**Record set:**
============
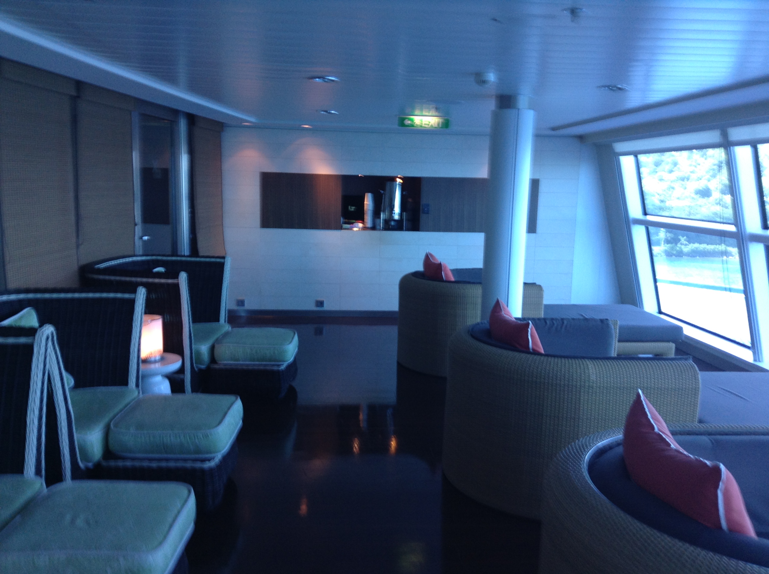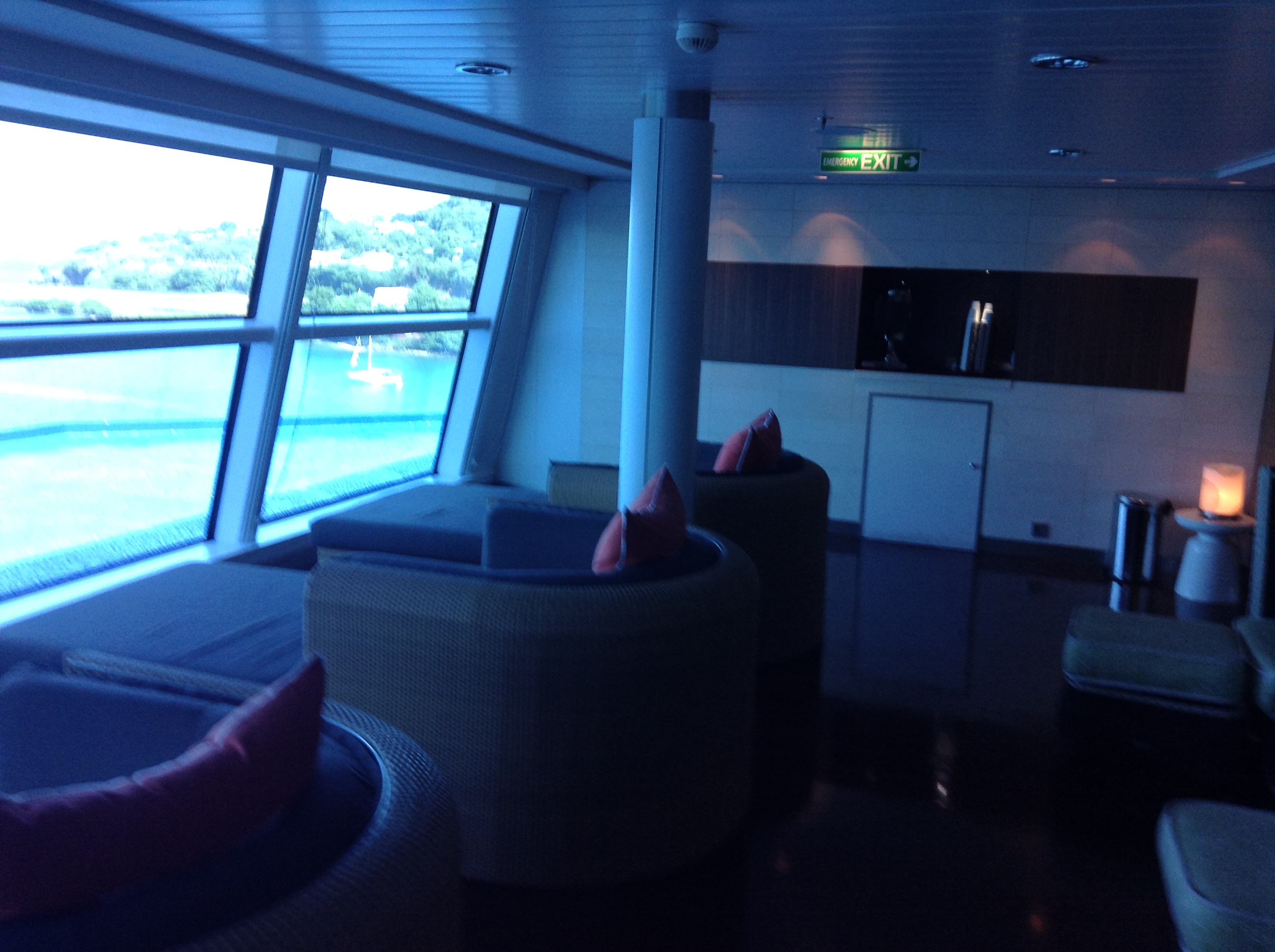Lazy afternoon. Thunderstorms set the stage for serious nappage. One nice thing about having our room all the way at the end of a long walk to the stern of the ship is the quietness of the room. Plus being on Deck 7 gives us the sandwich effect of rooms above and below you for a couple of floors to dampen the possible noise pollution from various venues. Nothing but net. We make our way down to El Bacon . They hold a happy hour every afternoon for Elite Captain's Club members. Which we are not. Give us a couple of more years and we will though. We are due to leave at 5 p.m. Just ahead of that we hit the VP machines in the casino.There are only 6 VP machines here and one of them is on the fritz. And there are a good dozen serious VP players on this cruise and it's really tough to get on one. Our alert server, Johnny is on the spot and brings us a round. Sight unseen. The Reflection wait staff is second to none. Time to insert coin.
============
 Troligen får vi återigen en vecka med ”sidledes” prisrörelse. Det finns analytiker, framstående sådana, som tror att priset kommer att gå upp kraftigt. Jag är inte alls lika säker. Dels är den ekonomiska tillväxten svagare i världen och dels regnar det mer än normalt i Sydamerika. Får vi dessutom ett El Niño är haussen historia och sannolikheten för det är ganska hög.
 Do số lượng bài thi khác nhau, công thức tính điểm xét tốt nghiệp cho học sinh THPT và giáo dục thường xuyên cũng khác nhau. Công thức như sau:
============
Starting with the line with "Troligen får vi" above and going on through the line with "Do số lượng", transcribe every line exactly, both ends included, and add nothing.

**Answer to the exercise:**
 Troligen får vi återigen en vecka med ”sidledes” prisrörelse. Det finns analytiker, framstående sådana, som tror att priset kommer att gå upp kraftigt. Jag är inte alls lika säker. Dels är den ekonomiska tillväxten svagare i världen och dels regnar det mer än normalt i Sydamerika. Får vi dessutom ett El Niño är haussen historia och sannolikheten för det är ganska hög.
 Do số lượng bài thi khác nhau, công thức tính điểm xét tốt nghiệp cho học sinh THPT và giáo dục thường xuyên cũng khác nhau. Công thức như sau:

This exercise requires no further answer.